Authors: Dikshant Dharamnarain Jopat, Sovan Saha, Vijaysai Turai, and Sridevi Jaddu
Streamlining Your Data Workflow
In today’s fast-paced data landscape, effective version control and seamless integration are paramount. Snowflake’s Git integration offers a secure and streamlined way to connect your Snowflake environment with a remote Git repository. By leveraging this integration, you can synchronize files from your Git repository to a specialized stage within Snowflake, known as a repository stage. This repository stage functions like a local Git repository, containing a full clone of your remote repository complete with branches, tags, and commits.
With this setup, Snowflake provides a single source of truth for all your SQL scripts, Snowpark functions, procedures, Native Apps, and Streamlit Apps, ensuring that your codebase is consistent and up-to-date across your entire team. By having the repository contents synchronized to your Snowflake account, you can reference and utilize these files directly within Snowflake, just as you would with any other staged file.
Currently, Snowflake supports Git integration with several major platforms, including GitHub, GitLab, BitBucket, and Azure DevOps.
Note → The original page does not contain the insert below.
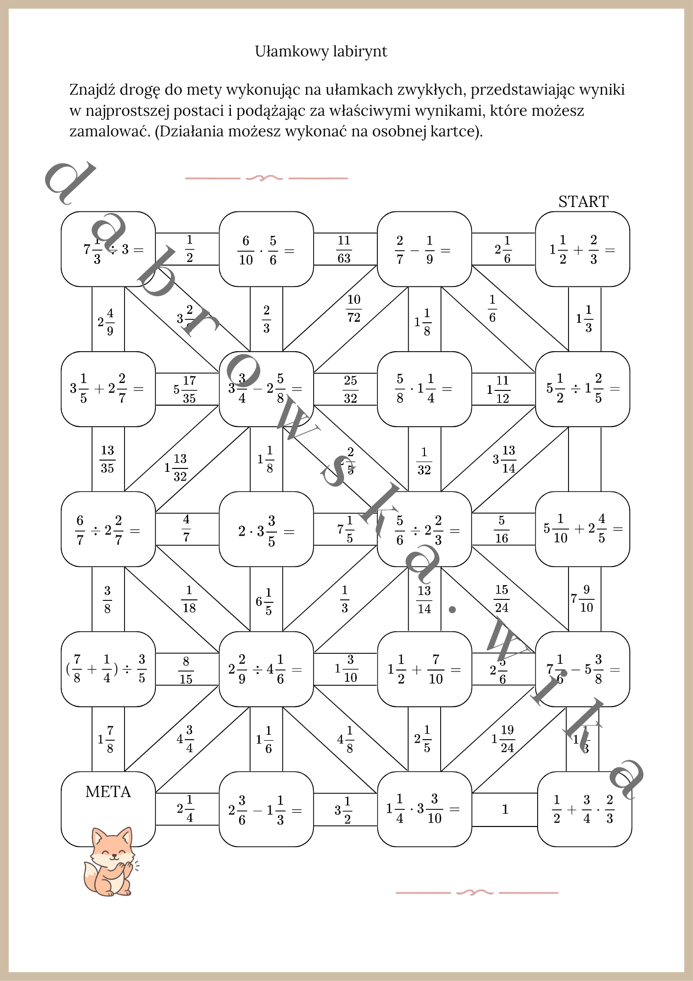 Materiał zawiera kartę pracy w formie labiryntu, w której uczniowie wykonują działania na ułamkach zwykłych.

This broad compatibility ensures that no matter where your code is hosted, you can seamlessly integrate it into your Snowflake workflows, enhancing collaboration, efficiency, and version control in your data operations.
Steps to set up
Step 1: Create a secret, to contain credentials for authenticating with the repository.
CREATE OR REPLACE SECRET my_secret
TYPE = PASSWORD
USERNAME = ‘test’
PASSWORD = ‘github_sjhsdjkfdsdcbcuilbjdsskahcncmjkdlhfsjdcnmdlaskjkcxm’
COMMENT = ‘my git login’ ;
Step 2: Create an API integration to specify details about Snowflake interaction with the Git repository API.
CREATE OR REPLACE API INTEGRATION git_api_integration
API_PROVIDER = git_https_api
API_ALLOWED_PREFIXES = (‘https://github.com/test-repo’)
ALLOWED_AUTHENTICATION_SECRETS = (my_secret)
ENABLED = TRUE;
Step 3: Create a Snowflake Git repository stage to which you can synchronize files from the repository.
CREATE OR REPLACE GIT REPOSITORY git_repo
API_INTEGRATION = git_api_integration
ORIGIN = ‘https://github.com/test-repo/test-main.git’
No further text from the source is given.